A worker who exchanged expletive-laden texts with his boss has been awarded more than $21,000 in lost wages and compensation for the way in which he was sacked. Photo / 123RF
A former site manager at a building removal firm who traded expletive-laden blows with his boss by text has been awarded more than $21,000 in lost wages and compensation for the way in which he was sacked.
But, the award might have been higher if Jeremy O'Neill hadn't told his boss to "get f….d".
O'Neill raised a personal grievance with the Employment Relations Authority claiming unjustified disadvantage when he was suspended, and for unjustified dismissal from Prestige Building Removals Limited, which argued the claims were without merit.
O'Neill succeeded with most of his claim, but the ERA found sufficient grounds to dismiss him for serious misconduct after he threw a metal chain used for house removals.
The slanging match central to the evidence erupted after trouble had been brewing between O'Neill and the director of the removal firm, Jason Barnes.
The two had also been friends, which the authority ultimately found contributed to what it described as an unfair process, and not what a reasonable employer might have done.
ERA member Sarah Blick said the case also demonstrated why a clear formal and documented process was required.
O'Neill began working as a site manager for the Hamilton-based company in December 2019.
A few months later the company employed someone else in a role that would free O'Neill to focus on quoting for new business and on driving so he could spend less time managing staff.
Barnes said he became concerned about the way O'Neill was treating other workers, and that he had received complaints about O'Neill's "yelling" and "aggressive behaviour".
On one occasion O'Neill was driving to Auckland with a colleague to look for housing stock when O'Neill ended up in a heated exchange over the phone with Barnes.
After a short burst of expletive-laden name-calling, O'Neill claimed that Barnes told him to "drop what you are doing and just f**k off".
Barnes said he was in a car with another person and was talking to O'Neill on speaker phone and that O'Neill became "very angry" and told him to "go f**k" himself and hung up.
O'Neill did not return to work on June 23, 2020, which turned out to be his final day with the company.
Barnes said he sent a text message to O'Neill, suggesting he take until the end of the following week off.

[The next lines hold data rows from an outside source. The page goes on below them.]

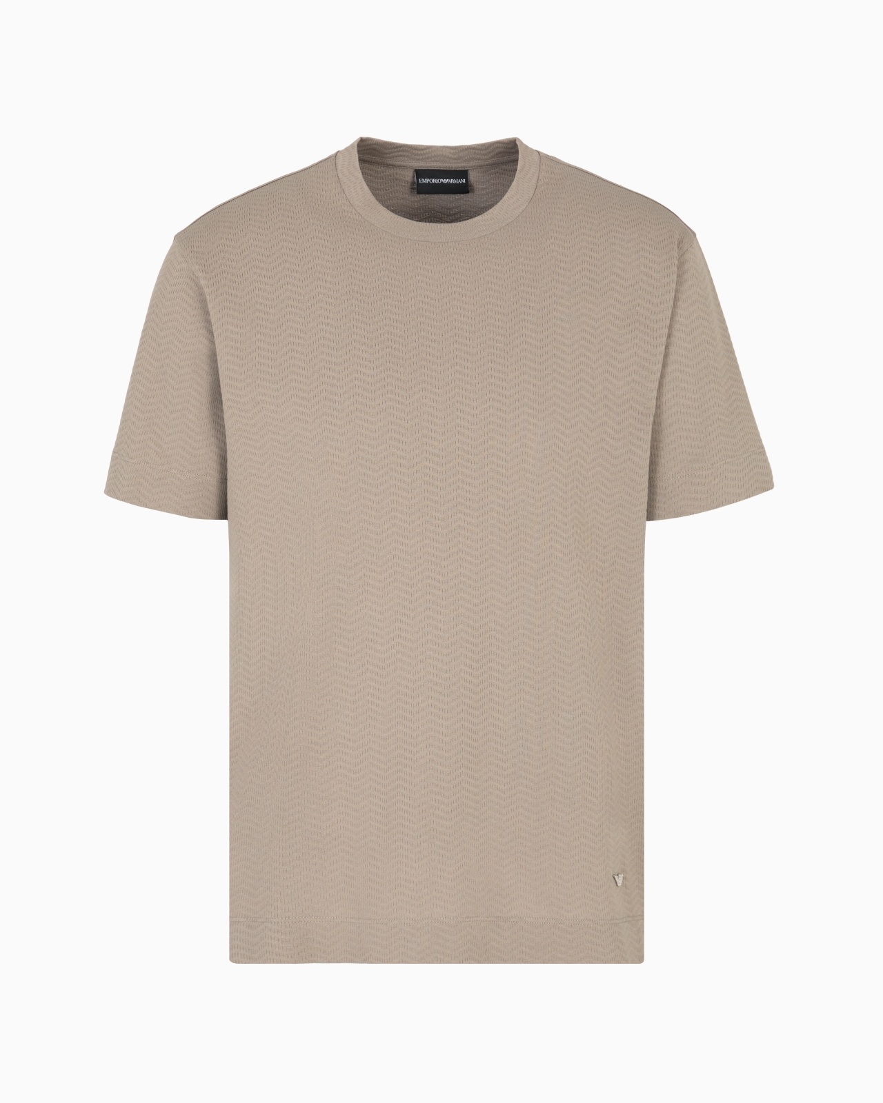 Pure cotton-jersey crew-neck T-shirt featuring an all-over jacquard pattern that creates an original motif that adds prestige and personality to the style. This refined style can be worn anywhere and with anything. Regular fit Jersey Jacquard Crew neck Short sleeves Product Code: EM001289AF10762F6066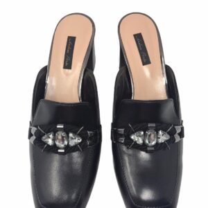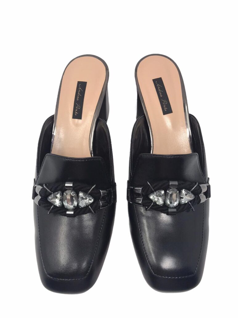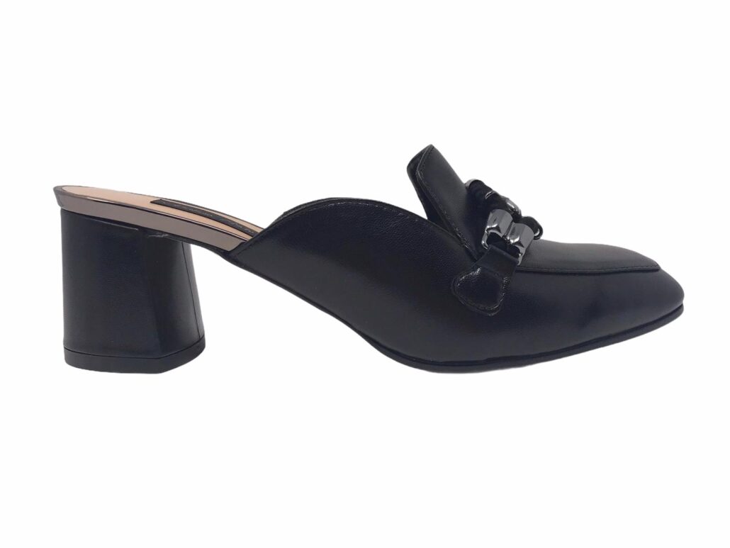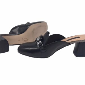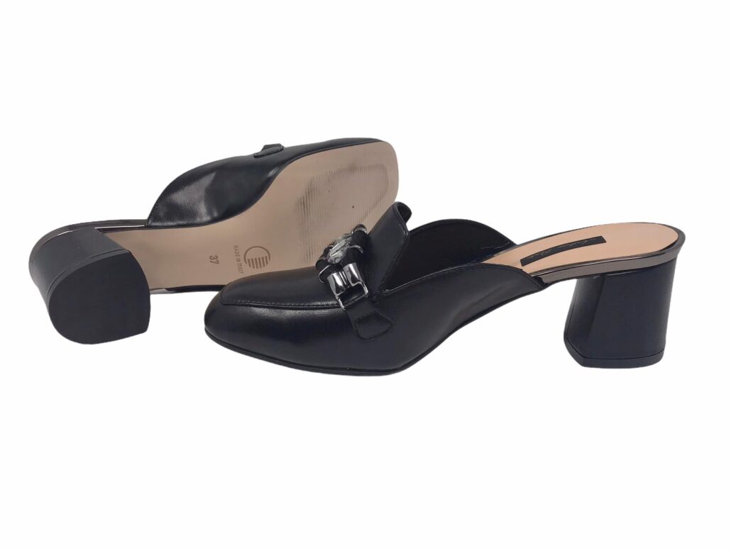 ciabatta donna , realizzata in vera pelle 100 % , tacco 60 mm , plantare anatomico , punta arrotondata , suola con lavorazione antiscivolo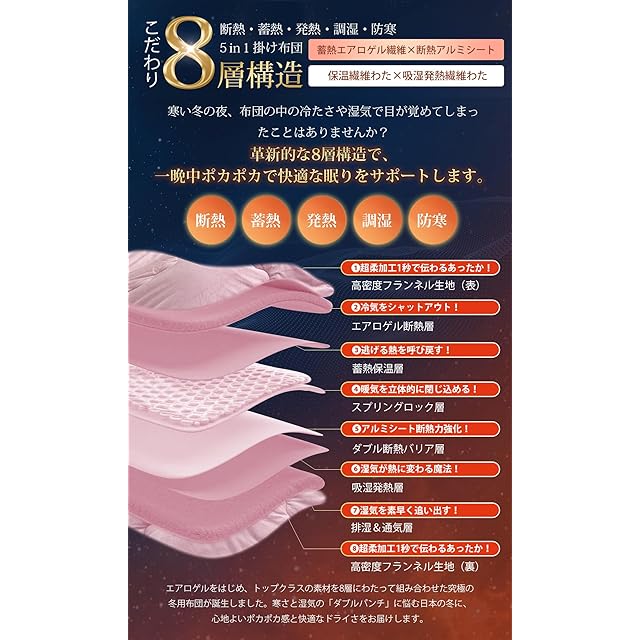 【8層構造で断熱・蓄熱・発熱・調湿・防寒】エアロゲル繊維に加え、吸湿発熱層、蓄熱層、遮熱アルミシートなどを重ねた8層構造設計。湿気を熱に変えて蓄えるため、朝までじんわりと暖かさが続きます。外気の冷たさもしっかりとガードし、寒い冬も朝までぐっすり快適に眠れます。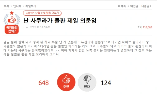 投稿主は「顔・スタイル顔、実力、年齢、性格、何一つ特別なものがない」と辛辣に指摘した上で、「なのにプデュセンターになった。日本市場のために、大企業HYBE入って、中国ファンダムも多いのが本当にミステリー」「日本人メンバーであるカズハは、背も高くてビジュアルも若く踊りも良くて理解できるが、咲良は韓国メンバーだったとしても理解不能」「努力根気は認めるが」と綴っている。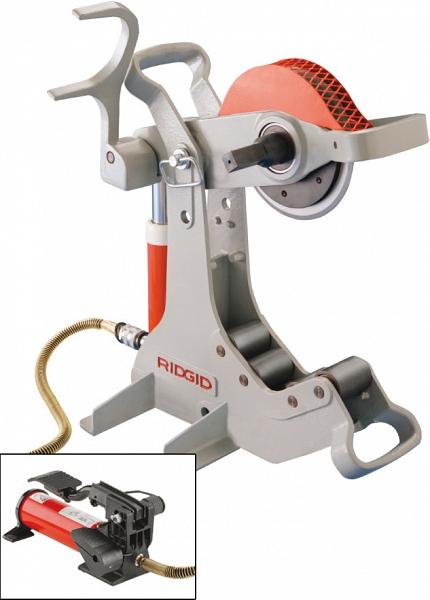 - Роликовые опоры трубы Ridgid можно использовать для того, чтобы вращать трубу, в то время как второй оператор применяет шлифовальный станок для снятия фаски трубы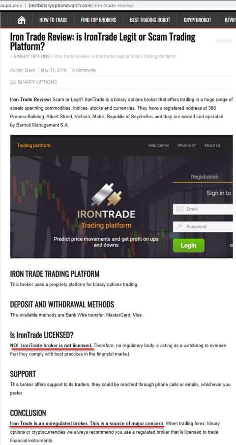 - Бинарная контора Iron Trade не вызывает доверия у одного из интернет-ресурсов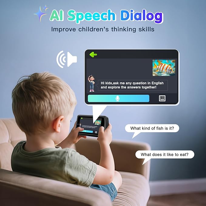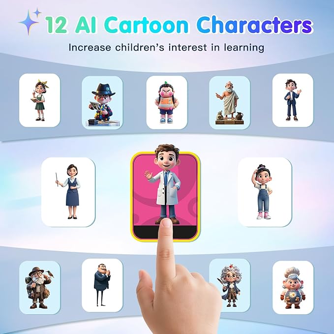 - 【AI LEARNING COMPANION】"Take a photo and meet 12 interesting AI companions!" Children can discover a hidden world of wonders through the kids camera's photo recognition feature. For example: Point at a pinecone → "Encyclopedia Doctor" explains forest secrets! Capture a butterfly → "Storyteller" tells magical stories! 12 unique cartoon characters not only spark children's curiosity but also enhance their learning interest! (Wi-Fi required)

In the days that followed the pair exchanged a large number of text messages, which filled two and a half pages of the Authority's written decision.
O'Neill said the text messages made it clear PBR was going to dismiss him.
A meeting soon after aimed to give O'Neill an opportunity to respond to what Barnes described as serious allegations, and also advised that disciplinary action up to summary termination may result.
O'Neill responded via his lawyer that he disputed having told Barnes to "get f****d" and attached his own written record of the conversation.
However, he later acknowledged under cross-examination that he had told Barnes to go "f**k himself" and hung up on him, but after Barnes "yelled and screamed at him".
O'Neill said allegations about his conduct with others were "outright lies", but that being "blunt and to the point" was the most effective way of keeping everyone safe.
He also said swearing was commonplace in the industry and at PBR's workplace because of the example set by Barnes.
Attempts by Open Justice to reach Barnes and O'Neill have so far been unsuccessful.
Blick ultimately found that swearing was not only tolerated but condoned within the workplace and that Barnes participated in it himself.
O'Neill's lawyer Rachel Webster said there were procedural and substantive issues with the suspension, and that it was O'Neill's view that the decision on the allegations had been predetermined.
A substantial amount of correspondence continued between the company and O'Neill before the ERA determined he had been suspended, and that it was unjustified.
The ERA said the employer did not have good reason to suspend O'Neill without giving him a proper opportunity to be heard, and that the suspension disadvantaged him in his employment.
The Authority also found O'Neill's dismissal was unjustified, for reasons around the fairness of the process, and that this "defect in the process" was not minor.
It was however satisfied that sufficient grounds existed to dismiss him for serious misconduct in relation to his throwing the metal chain, even though O'Neill said there was no evidence that any other workers were intimidated by it.
Blick also accepted PBR's position that at no time during the disciplinary process did O'Neill take responsibility for his alleged actions, express any remorse, or provide PBR with any assurance that his behaviour would not be repeated.
"I find a fair and reasonable employer could have concluded Mr O'Neill's actions constituted serious misconduct in light of Mr O'Neill's admissions, and PBR's obligation to protect the health and safety of other workers was important.
"I find it was open to PBR to conclude summary dismissal was an appropriate outcome in the circumstances," Blick said.
She awarded O'Neill $14,563 in lost wages, $2100 compensation for unjustified disadvantage and $4900 for unjustified dismissal; the compensation being significantly less than what was sought.
Blick found a 30 per cent reduction in remedies was warranted, and that they might have been reduced further, if not for PBR's culture of condoning bad language.